Task prompt
Transcribe the data below verbatim from the line with "5年生の子たちが作ってくれた" to the line with "被动模块的加成相比主动模块较". Include both of those lines.

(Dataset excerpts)
>>

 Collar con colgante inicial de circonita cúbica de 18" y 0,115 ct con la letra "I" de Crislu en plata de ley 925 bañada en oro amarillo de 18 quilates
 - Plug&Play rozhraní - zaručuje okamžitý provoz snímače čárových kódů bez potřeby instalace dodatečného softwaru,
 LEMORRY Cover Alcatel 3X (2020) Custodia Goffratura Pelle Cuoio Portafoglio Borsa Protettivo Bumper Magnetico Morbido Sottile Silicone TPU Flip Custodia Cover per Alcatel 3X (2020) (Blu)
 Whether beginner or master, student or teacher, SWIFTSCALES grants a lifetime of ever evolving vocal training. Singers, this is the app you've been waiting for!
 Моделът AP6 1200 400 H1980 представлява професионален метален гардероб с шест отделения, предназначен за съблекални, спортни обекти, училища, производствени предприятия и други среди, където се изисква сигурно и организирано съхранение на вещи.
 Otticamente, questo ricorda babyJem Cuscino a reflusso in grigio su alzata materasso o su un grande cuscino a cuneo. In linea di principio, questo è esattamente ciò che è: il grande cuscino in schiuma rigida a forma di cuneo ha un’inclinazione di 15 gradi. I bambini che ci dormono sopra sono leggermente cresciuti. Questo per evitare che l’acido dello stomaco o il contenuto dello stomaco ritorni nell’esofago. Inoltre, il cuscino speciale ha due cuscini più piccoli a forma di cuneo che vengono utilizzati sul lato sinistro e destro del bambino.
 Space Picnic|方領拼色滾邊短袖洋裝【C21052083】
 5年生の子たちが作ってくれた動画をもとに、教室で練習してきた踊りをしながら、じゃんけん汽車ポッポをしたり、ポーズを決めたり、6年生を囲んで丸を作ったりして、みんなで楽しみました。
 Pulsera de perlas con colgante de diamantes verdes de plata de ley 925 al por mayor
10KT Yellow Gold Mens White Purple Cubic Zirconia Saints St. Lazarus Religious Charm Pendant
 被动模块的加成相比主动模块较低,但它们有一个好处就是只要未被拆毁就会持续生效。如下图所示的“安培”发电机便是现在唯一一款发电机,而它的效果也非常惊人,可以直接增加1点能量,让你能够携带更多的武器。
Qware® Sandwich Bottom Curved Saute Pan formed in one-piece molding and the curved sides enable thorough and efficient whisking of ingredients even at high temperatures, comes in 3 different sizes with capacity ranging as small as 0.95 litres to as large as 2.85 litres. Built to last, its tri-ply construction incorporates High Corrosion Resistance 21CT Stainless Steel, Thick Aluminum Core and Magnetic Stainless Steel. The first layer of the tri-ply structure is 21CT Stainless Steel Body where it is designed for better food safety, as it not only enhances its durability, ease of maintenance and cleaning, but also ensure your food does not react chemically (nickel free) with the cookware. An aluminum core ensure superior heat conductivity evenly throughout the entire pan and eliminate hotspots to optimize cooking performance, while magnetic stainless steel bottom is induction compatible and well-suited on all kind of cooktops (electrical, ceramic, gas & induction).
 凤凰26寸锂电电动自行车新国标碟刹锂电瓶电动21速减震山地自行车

<<

Completed task
 5年生の子たちが作ってくれた動画をもとに、教室で練習してきた踊りをしながら、じゃんけん汽車ポッポをしたり、ポーズを決めたり、6年生を囲んで丸を作ったりして、みんなで楽しみました。
 Pulsera de perlas con colgante de diamantes verdes de plata de ley 925 al por mayor
10KT Yellow Gold Mens White Purple Cubic Zirconia Saints St. Lazarus Religious Charm Pendant
 被动模块的加成相比主动模块较低,但它们有一个好处就是只要未被拆毁就会持续生效。如下图所示的“安培”发电机便是现在唯一一款发电机,而它的效果也非常惊人,可以直接增加1点能量,让你能够携带更多的武器。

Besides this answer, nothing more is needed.